# What the task requires:
Once you find the line with "Effects of β-cryptoxanthin" in the entries below, return exactly every line from it through the line with "光伏板整齊排列在位於河北省張".

# Dataset entries:
* * * * * * *
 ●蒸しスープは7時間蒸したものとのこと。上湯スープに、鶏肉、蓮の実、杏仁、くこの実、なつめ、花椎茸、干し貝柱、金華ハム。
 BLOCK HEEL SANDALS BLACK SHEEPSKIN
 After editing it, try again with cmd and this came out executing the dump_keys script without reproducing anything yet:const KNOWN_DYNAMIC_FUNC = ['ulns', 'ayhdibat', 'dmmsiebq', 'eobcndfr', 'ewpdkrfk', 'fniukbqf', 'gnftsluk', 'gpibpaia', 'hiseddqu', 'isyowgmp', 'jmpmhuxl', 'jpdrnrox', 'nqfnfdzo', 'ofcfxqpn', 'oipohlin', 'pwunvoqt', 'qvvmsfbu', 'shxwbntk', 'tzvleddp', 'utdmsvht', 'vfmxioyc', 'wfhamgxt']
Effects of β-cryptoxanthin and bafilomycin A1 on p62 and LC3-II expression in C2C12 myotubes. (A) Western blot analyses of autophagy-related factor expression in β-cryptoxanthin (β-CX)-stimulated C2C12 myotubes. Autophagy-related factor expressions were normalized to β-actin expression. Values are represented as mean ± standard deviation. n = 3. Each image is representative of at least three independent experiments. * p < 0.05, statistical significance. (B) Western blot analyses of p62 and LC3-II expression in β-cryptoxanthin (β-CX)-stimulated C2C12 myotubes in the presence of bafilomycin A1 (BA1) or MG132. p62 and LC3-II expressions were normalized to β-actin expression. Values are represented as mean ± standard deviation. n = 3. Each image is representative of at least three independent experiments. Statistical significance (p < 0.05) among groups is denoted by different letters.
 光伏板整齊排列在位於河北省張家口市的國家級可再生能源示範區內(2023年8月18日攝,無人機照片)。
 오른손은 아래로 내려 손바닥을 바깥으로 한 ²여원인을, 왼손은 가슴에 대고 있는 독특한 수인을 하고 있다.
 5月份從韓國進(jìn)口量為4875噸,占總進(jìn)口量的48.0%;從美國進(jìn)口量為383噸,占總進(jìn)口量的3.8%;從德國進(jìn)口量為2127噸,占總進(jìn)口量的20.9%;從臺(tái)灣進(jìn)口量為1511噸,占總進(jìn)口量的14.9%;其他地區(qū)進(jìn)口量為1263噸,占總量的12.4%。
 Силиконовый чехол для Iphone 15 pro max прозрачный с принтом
* * * * * * *
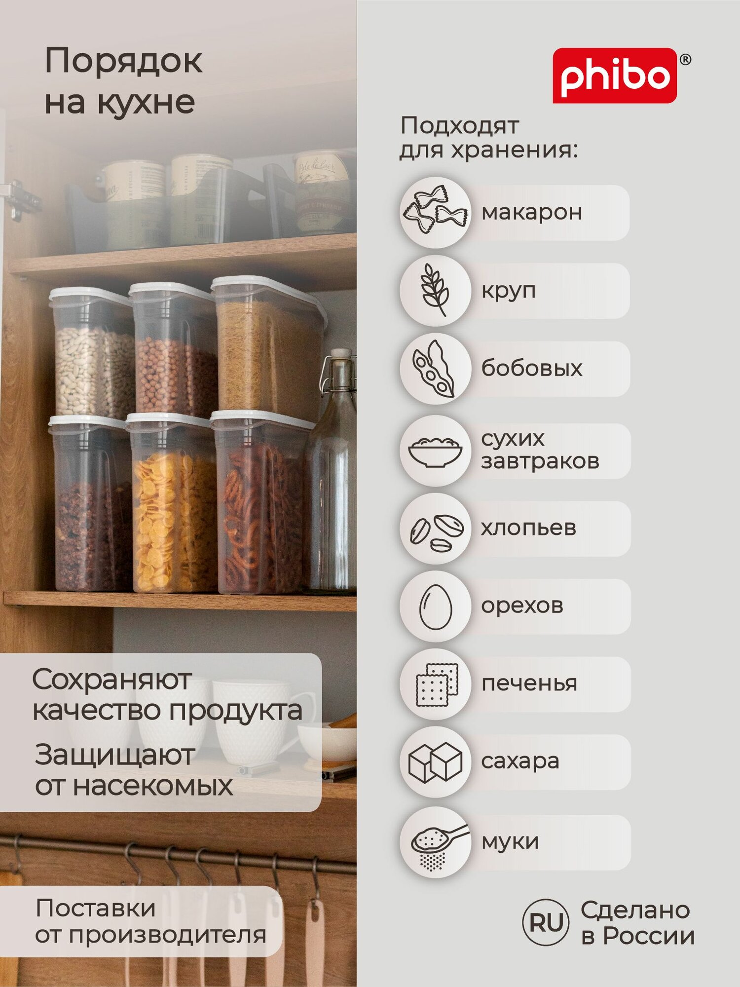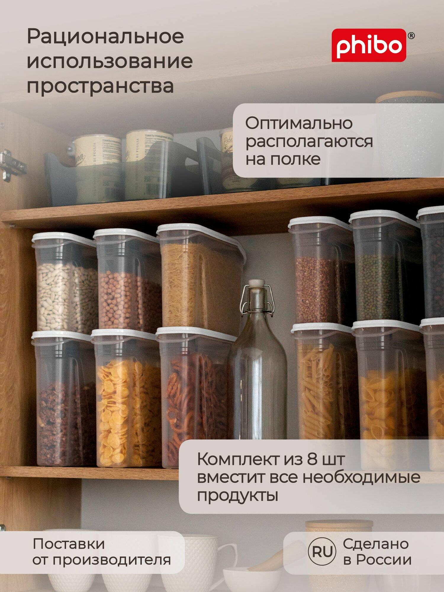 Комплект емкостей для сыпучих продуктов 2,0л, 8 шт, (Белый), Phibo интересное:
* * * * * * *
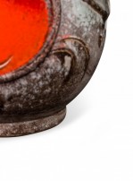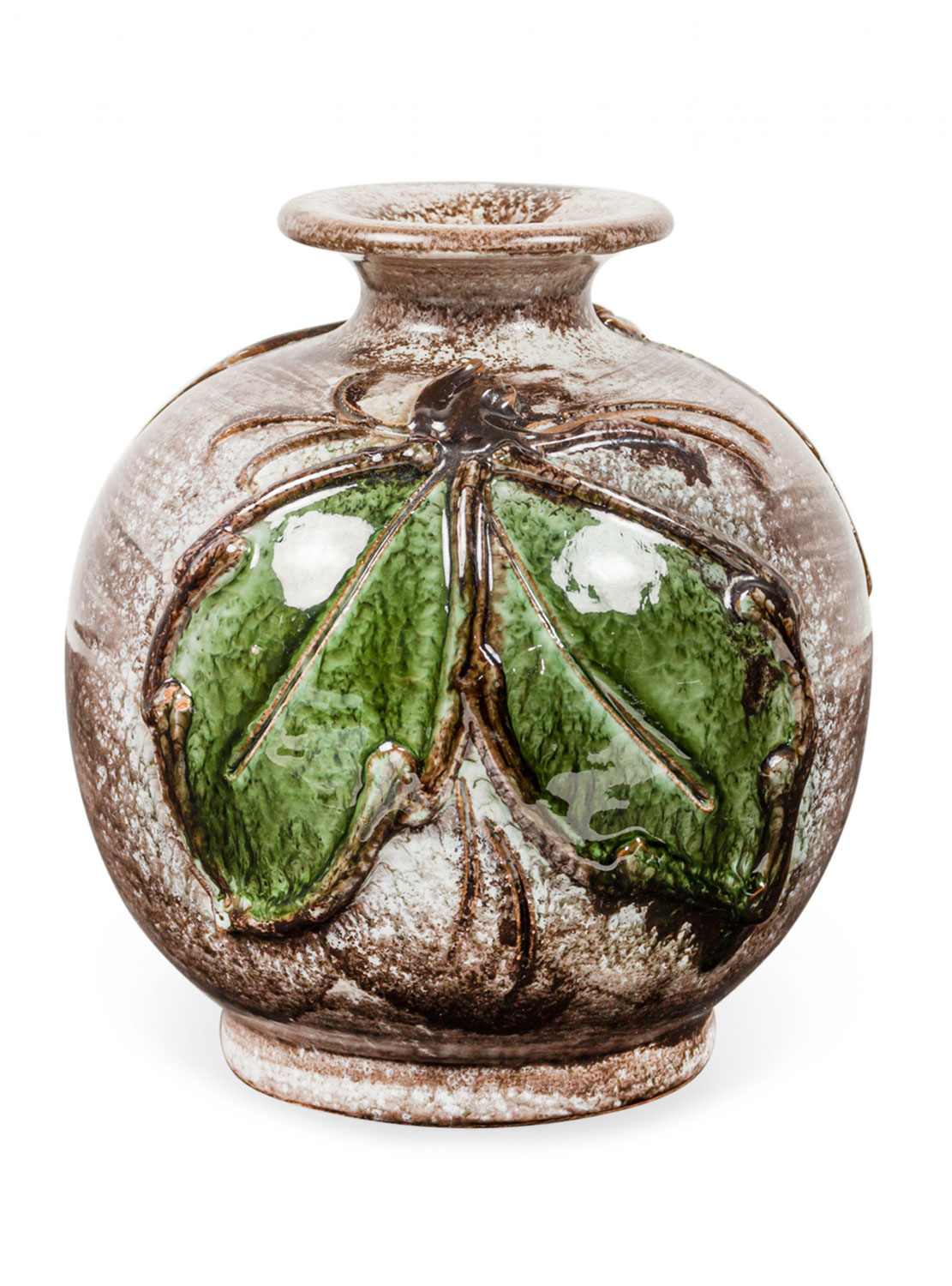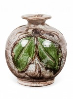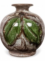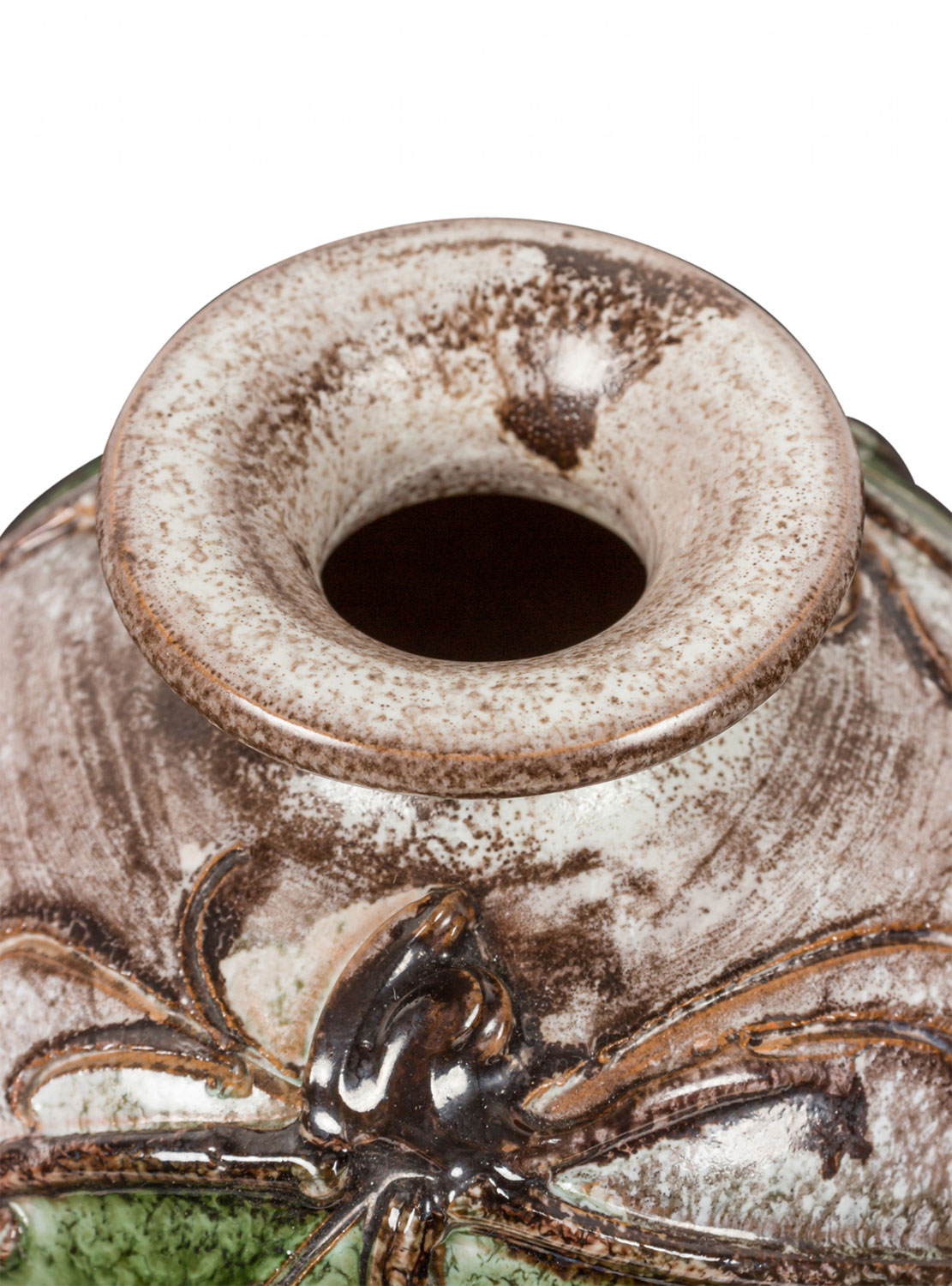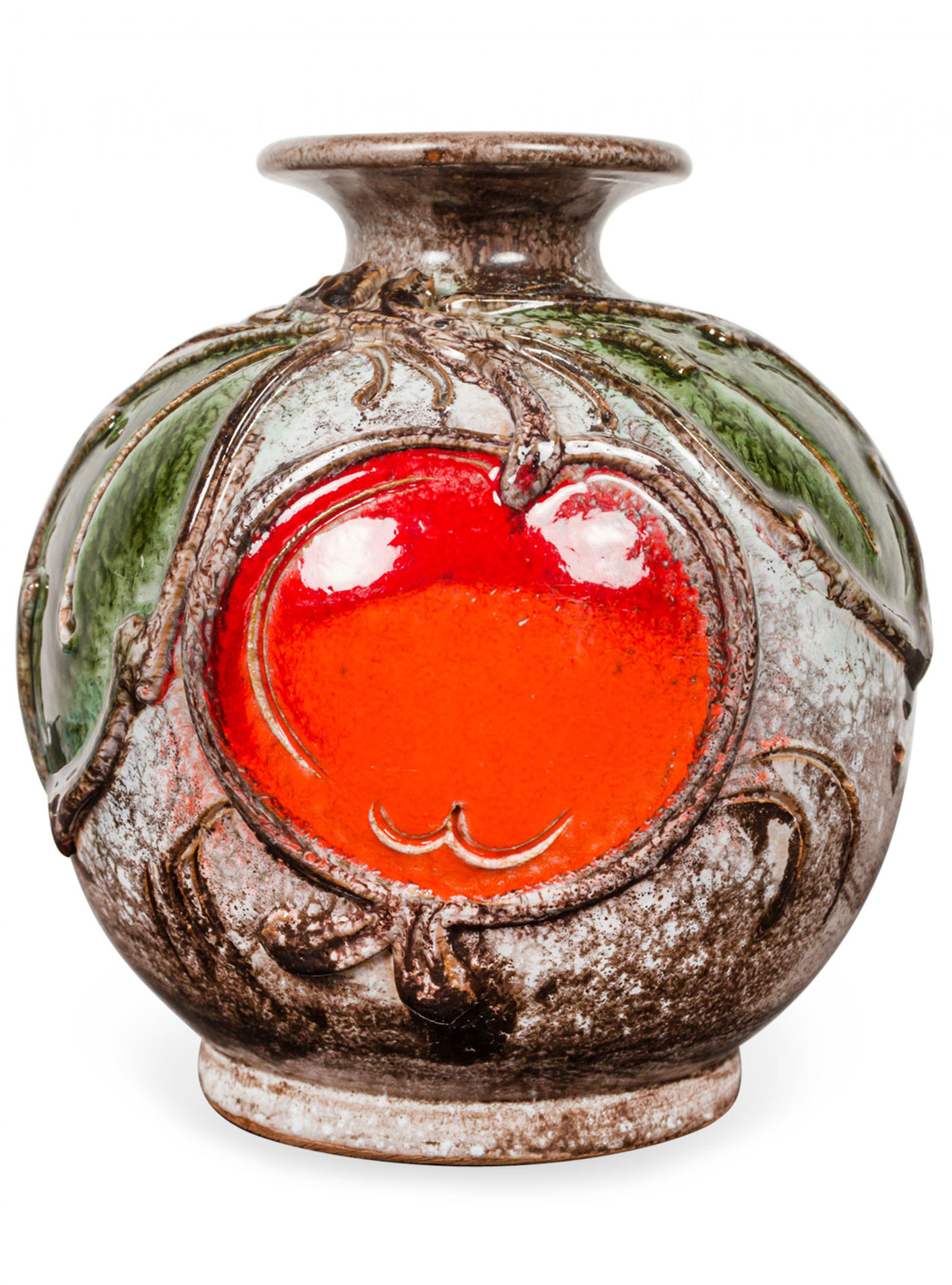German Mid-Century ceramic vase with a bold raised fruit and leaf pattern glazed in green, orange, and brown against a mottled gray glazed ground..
* * * * * * *
# Solution below:
Effects of β-cryptoxanthin and bafilomycin A1 on p62 and LC3-II expression in C2C12 myotubes. (A) Western blot analyses of autophagy-related factor expression in β-cryptoxanthin (β-CX)-stimulated C2C12 myotubes. Autophagy-related factor expressions were normalized to β-actin expression. Values are represented as mean ± standard deviation. n = 3. Each image is representative of at least three independent experiments. * p < 0.05, statistical significance. (B) Western blot analyses of p62 and LC3-II expression in β-cryptoxanthin (β-CX)-stimulated C2C12 myotubes in the presence of bafilomycin A1 (BA1) or MG132. p62 and LC3-II expressions were normalized to β-actin expression. Values are represented as mean ± standard deviation. n = 3. Each image is representative of at least three independent experiments. Statistical significance (p < 0.05) among groups is denoted by different letters.
 光伏板整齊排列在位於河北省張家口市的國家級可再生能源示範區內(2023年8月18日攝,無人機照片)。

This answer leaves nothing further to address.